Policy management utilities can dictate password changes and
password hygiene. Administrators can request that they want all cameras
to have a password, say, with 25 characters, and the server will
randomly generate and assign the passwords. No one involved would
know the passwords, and that information is not needed as long as it
resides in both the recording platform and on the camera. The policy
management server can even go out to the cameras and apply password
changes on a schedule, and at the same time update the video
management system to ensure zero downtime.
Active Directory Attack
Active Directory is a Windows OS directory service that facilitates
working with interconnected network resources. Active Directory
was launched almost twenty years ago, and the security landscape
has changed dramatically since. Unfortunately, businesses have not
adapted their Active Directory environment to meet these new security
needs and, as a result, we are seeing attackers exploit this weakness
more frequently.
One of the first steps in preventing an attack on Active Directory is to make sure there’s visibility into all Active Directory activities.

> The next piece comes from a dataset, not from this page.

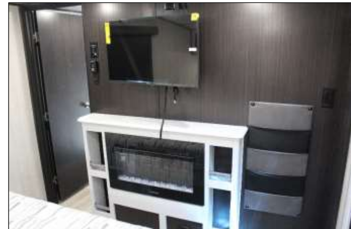
32" Bedroom TV/Electric Fireplace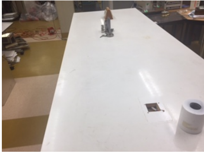
Remediation area - Room B1

An Active Directory auditing solution can assist with this and
help administrators be proactively alerted to suspicious activity before
a full-blown attack. For every enterprise network, there should
be a complete Active Directory Disaster Recovery plan in place to
minimize the impact of an attack, and all for damage to be reversed
within just a few hours.
Lost and Stolen Asset Devices
There are vulnerabilities everywhere, and much is dictated by the
number of system endpoints. The number of PCs on a network used
to be the main concern, but the primary concern now is all the IoT
and edge devices—including cameras and all types of sensors—that
connect to a network.
It is critical to secure all device communications with the backend
systems and make it difficult for someone to access the network from
the outside world, through a lost or stolen device. Keep in mind that
if it’s easy to access a network, it’s probably vulnerable. Administrators
have to strike a balance between security and usability and make
sure we err on the side of assuring security.

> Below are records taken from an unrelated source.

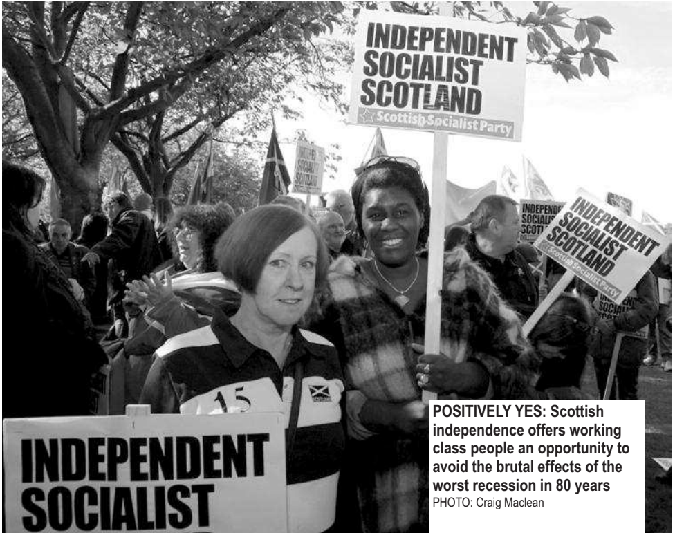
POSITIVELY YES: Scottish independence offers working class people an opportunity to avoid the brutal effects of the worst recession in 80 years

far has been based on building the biggest grassroots organisation the country has ever seen, and capitalise on the unpopularity of the ConDem government.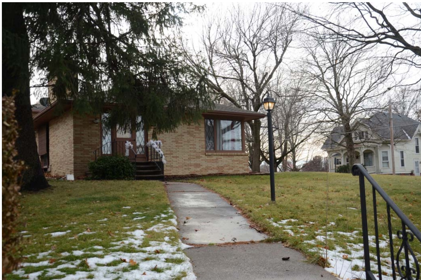
Photograph 92-00764-001 - House, looking south (December 2014)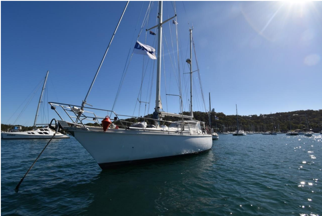
Amel Mango 52 , fully equipped and ready to go $209,000

The practice of Network Segmentation is a useful security layer
within an overall security system design. It’s surprising how many
video management software (VMS) systems don’t use any network
segmentation methodology. Through network segmentation best
practices, we can add difficulty in accessing parts of a network.
Insider Threats
An insider threat is a security threat that originates from within the
organization being targeted, often by an employee or officer of an organization.

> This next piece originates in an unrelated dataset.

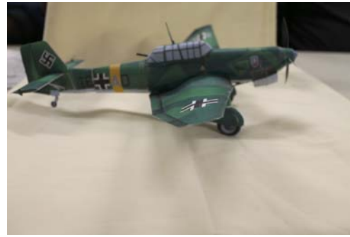
Figure 13 Dick Zoerb's Fiddler's Green cardstock Stuka.

An insider threat does not have to be a current employee,
but can also be a former employee or anyone who at one time had
access to the network. Logic Bombs are a type of malicious software
that can be left running on a system by former employees, which can
cause a wide range of problems.
Contractors, business associates, and other individuals or thirdparty
entities who have or have had access to protected networks or
databases also fall under the umbrella of insider threat. Network segmentation,
robust password policies, and a pro-active, on-going review
of all network activity is critical in protecting against internal threats.
Ransomware
Ransomware is a type of malicious software that threatens to publish
the victim’s data or perpetually block access to the data unless a ransom
is paid. User education and awareness are critical when it comes
to defeating ransomware. Treat suspicious emails with caution. Inspect
email domain names and hover over links to see where they
lead. Extending security through the use of anti-virus, anti-spyware
on devices at the network perimeter is critical.
Most ransomware will try to spread from the endpoint to the
server/storage where all the data and mission-critical applications reside.
Segmenting the network and keeping critical apps and devices
isolated on a separate network or virtual LAN can limit the spread.
Sandboxing technologies can provide the ability to quarantine
suspicious files for analysis before they can enter the network. The
files are held at the gateway for evaluation. Adopt a layered approach
to stop ransomware by avoiding a single point of failure in the security
architecture, and have a robust backup and recovery plan in place.
Physical Layer Compromise
Many company server rooms and data centers have easy-to-exploit
physical vulnerabilities that don’t require digitally hacking into the
network. Intruders simply looking to vandalize the servers can create
a huge and costly level of damage.
Some of the ways of gaining access simply include accessing improperly
installed doors or windows, picking locks, crawling through
void spaces in the walls or above false ceilings, and “tailgating” into
the building by posing as a contractor or vendor.
A major physical design flaw with server rooms is with the drop
ceilings and raised floors where the walls don’t go up to the real ceiling
or down to the subfloor. Intruders need to simply remove a ceiling
tile from a nearby area and then crawl to the server room from above.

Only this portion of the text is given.